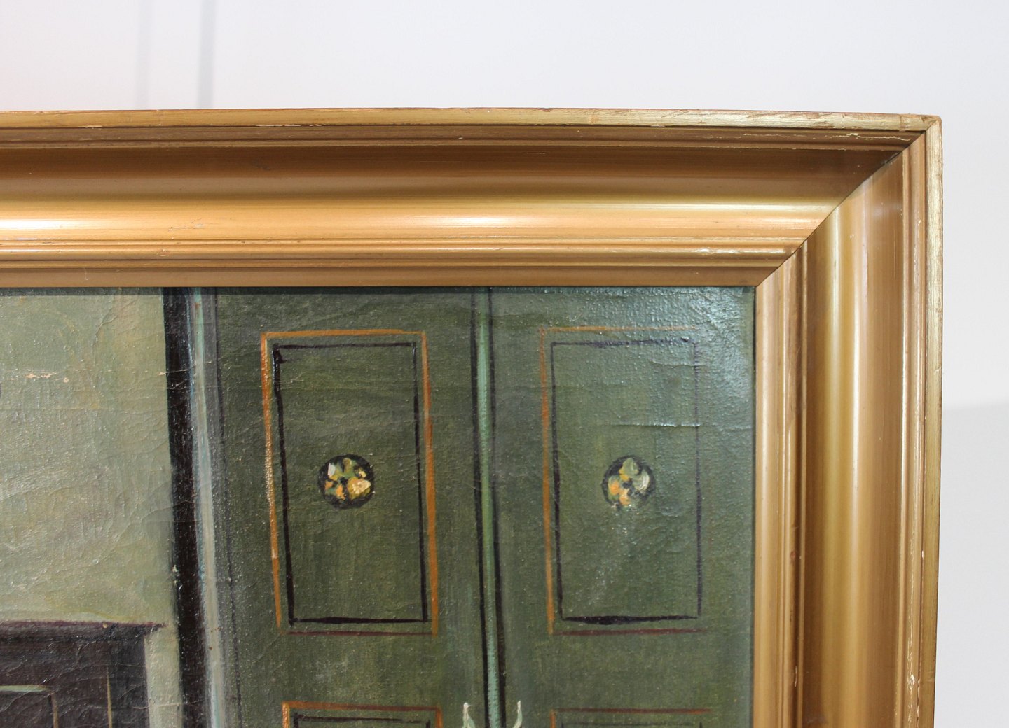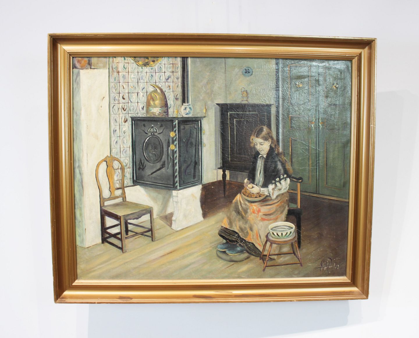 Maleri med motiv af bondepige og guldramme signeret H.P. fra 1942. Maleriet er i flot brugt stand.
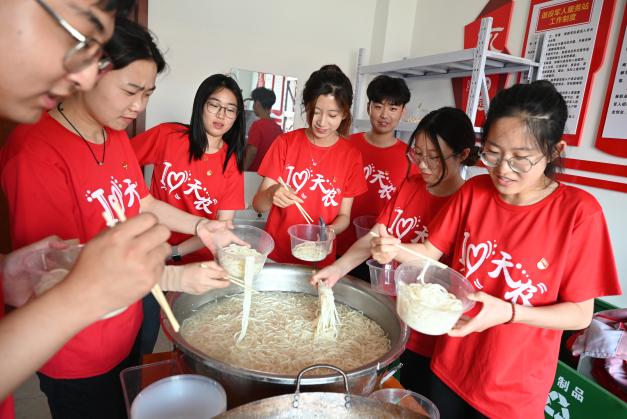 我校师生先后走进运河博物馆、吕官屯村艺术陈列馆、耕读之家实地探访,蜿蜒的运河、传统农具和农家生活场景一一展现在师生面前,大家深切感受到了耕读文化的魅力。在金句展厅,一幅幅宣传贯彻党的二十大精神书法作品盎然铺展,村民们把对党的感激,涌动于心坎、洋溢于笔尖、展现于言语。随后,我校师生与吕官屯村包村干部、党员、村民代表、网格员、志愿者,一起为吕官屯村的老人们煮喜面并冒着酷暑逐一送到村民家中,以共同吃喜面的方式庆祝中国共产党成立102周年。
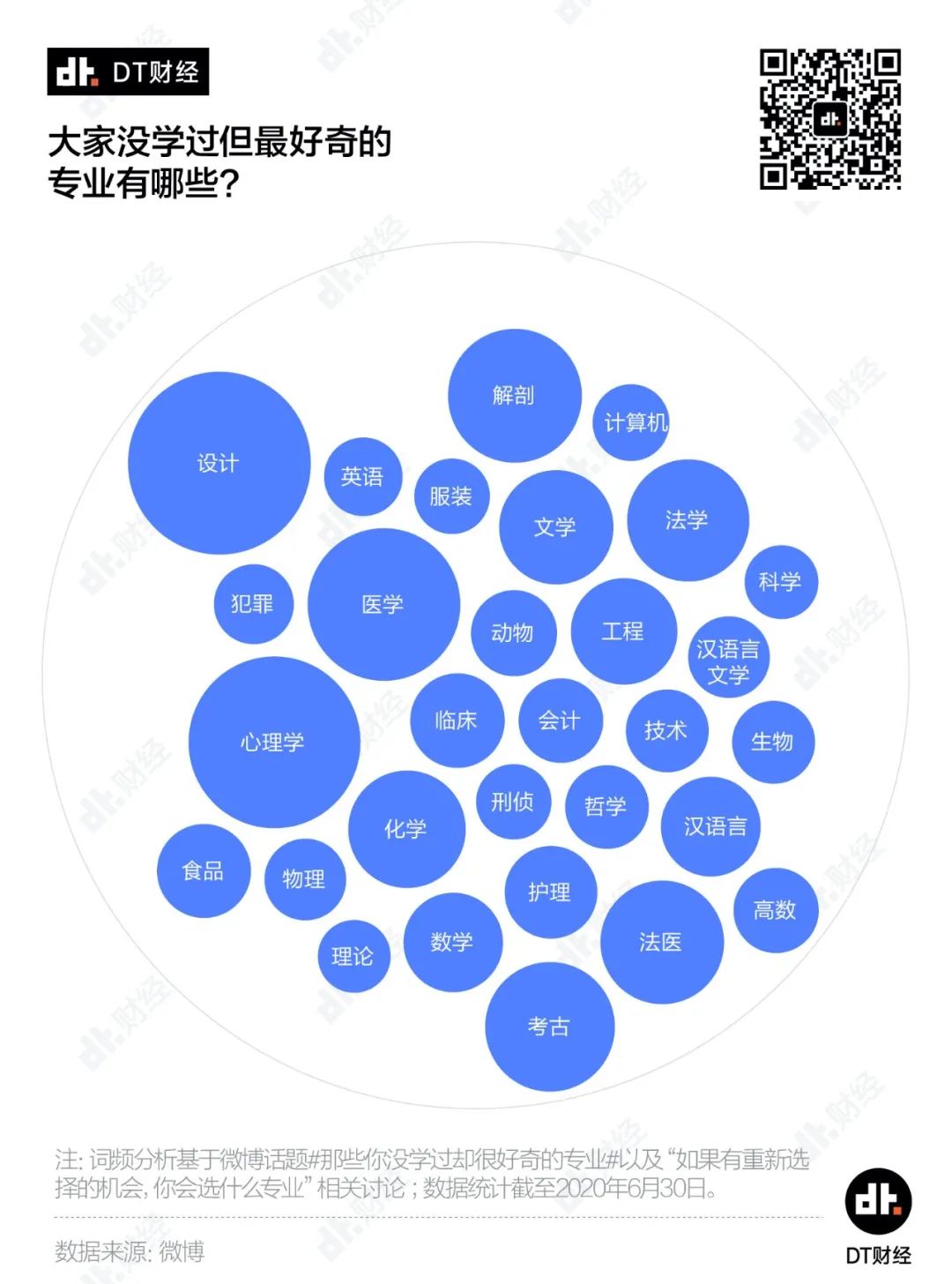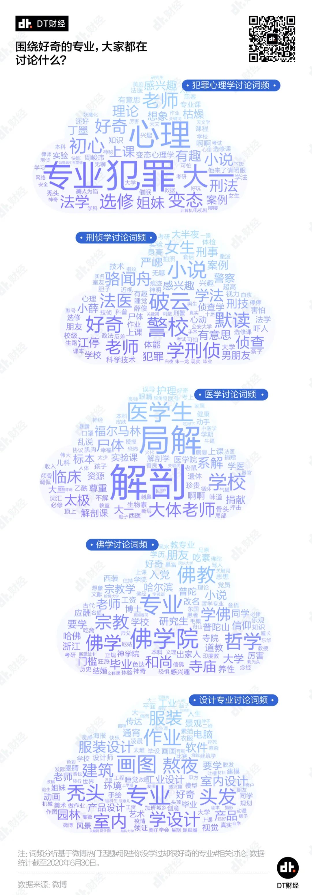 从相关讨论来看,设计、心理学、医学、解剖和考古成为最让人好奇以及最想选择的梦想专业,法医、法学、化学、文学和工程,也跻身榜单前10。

• _What the exercise asks_:
Give back the data verbatim. The pictures are not part of the copy.

• _Result for this exercise_:
 Maleri med motiv af bondepige og guldramme signeret H.P. fra 1942. Maleriet er i flot brugt stand.
 我校师生先后走进运河博物馆、吕官屯村艺术陈列馆、耕读之家实地探访,蜿蜒的运河、传统农具和农家生活场景一一展现在师生面前,大家深切感受到了耕读文化的魅力。在金句展厅,一幅幅宣传贯彻党的二十大精神书法作品盎然铺展,村民们把对党的感激,涌动于心坎、洋溢于笔尖、展现于言语。随后,我校师生与吕官屯村包村干部、党员、村民代表、网格员、志愿者,一起为吕官屯村的老人们煮喜面并冒着酷暑逐一送到村民家中,以共同吃喜面的方式庆祝中国共产党成立102周年。
 从相关讨论来看,设计、心理学、医学、解剖和考古成为最让人好奇以及最想选择的梦想专业,法医、法学、化学、文学和工程,也跻身榜单前10。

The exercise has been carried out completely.